Hi
The problem is that the whole system was set up in a rush. ATLAS did
not define how things were meant to be set up. A lot of trial and
error had to be done initially by sites. The setup we currently have
works but is a mess. Now that the system has been functioning for a
while ATLAS have had time to sit down and think about the best way to
do things and the strong recommendation from the experts was to use
the Tier 1 as a primary backup. Rather than just making this change
behind sites backs I was hoping that the majority of sites would
agree with the change. I have however managed to achieve the exact
opposite; convince people that the change is not really necessary and
is only for the "bad" sites. Something for me to do better next time!
I do intend to add the new monitoring and switch over sites that want
this. I am hoping that this will demonstrate that it is actually a
good idea for everybody. Its not difficult to switch sites over
later. The one thing this has at least achieved is to make sites
aware of the issue, so hopefully the SAM test results will get fixed
whatever the method.
Alastair
On 18 Jun 2010, at 01:40, Ewan MacMahon wrote:
>> -----Original Message-----
>> From: Testbed Support for GridPP member institutes [mailto:TB-
>>
>> After a discussion in today Thursday phone meeting we have decided
>> the following:
>>
>> 1) If you have been passing the SAM tests and are happy with your
>> current setup then no changes will be made to effect your site.
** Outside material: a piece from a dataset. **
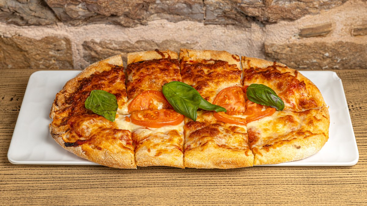 Φρέσκια ντομάτα, μαρινάρα σάλτσα, μοτσαρέλα και φρέσκος βασιλικός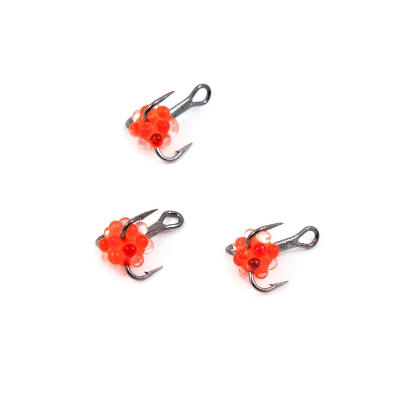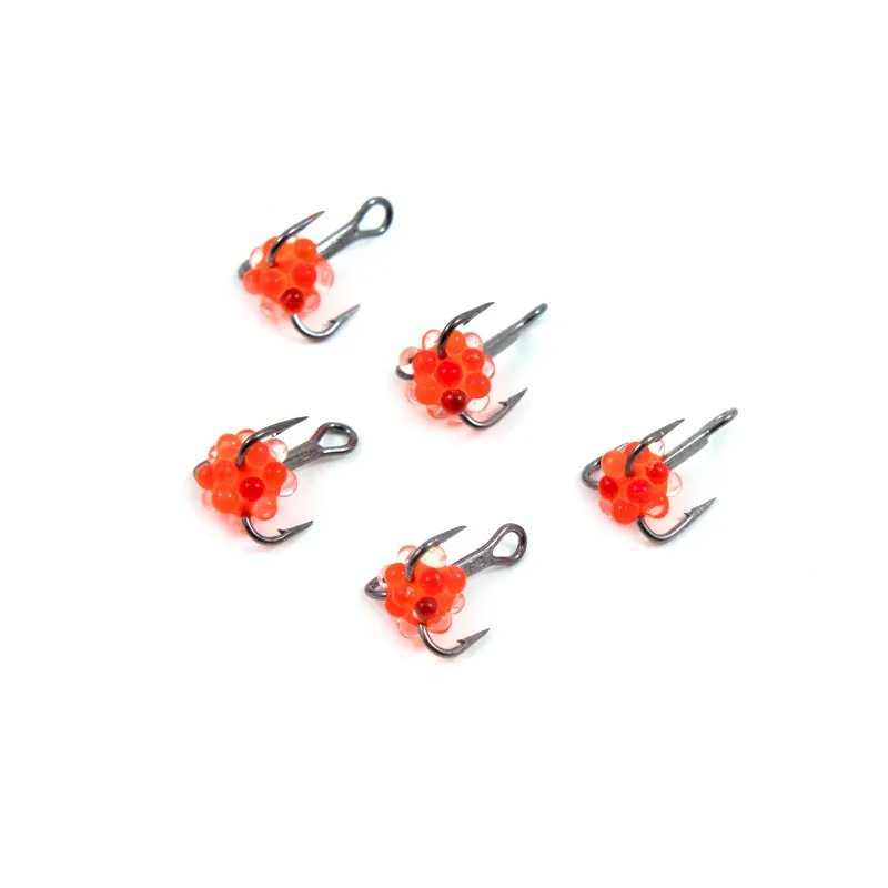 Крючок-тройник Яман (флюоресц., с икринкой, 5 шт) флуоресцентный красный, №18

>> 2) If you have been failing (getting a warning) on the SAM tests I
>> will switch you over to having the RAL Tier 1 as your primary backup.
>>
> This seems to me to be completely the wrong approach. If you want to
> switch everyone to RAL because you think that's going to be a
> technically
> better solution then that's fair enough, but it doesn't make sense to
> base any part of the decision based on the test results when they're
> essentially random.
>
> The problem with the tests is that you're testing something without
> ever having asked the sites to set it up the way you wanted. It's
> not a surprise at that point that some things are not set up the
> way you wanted.
>
> I don't have any strong views on whether it's better to use Tier 2
> to Tier 2 failover, or have everyone drop back to RAL, but it does
> seem silly to have a mixture with an individual site's behavior
> determined this way.
>
> Ewan
|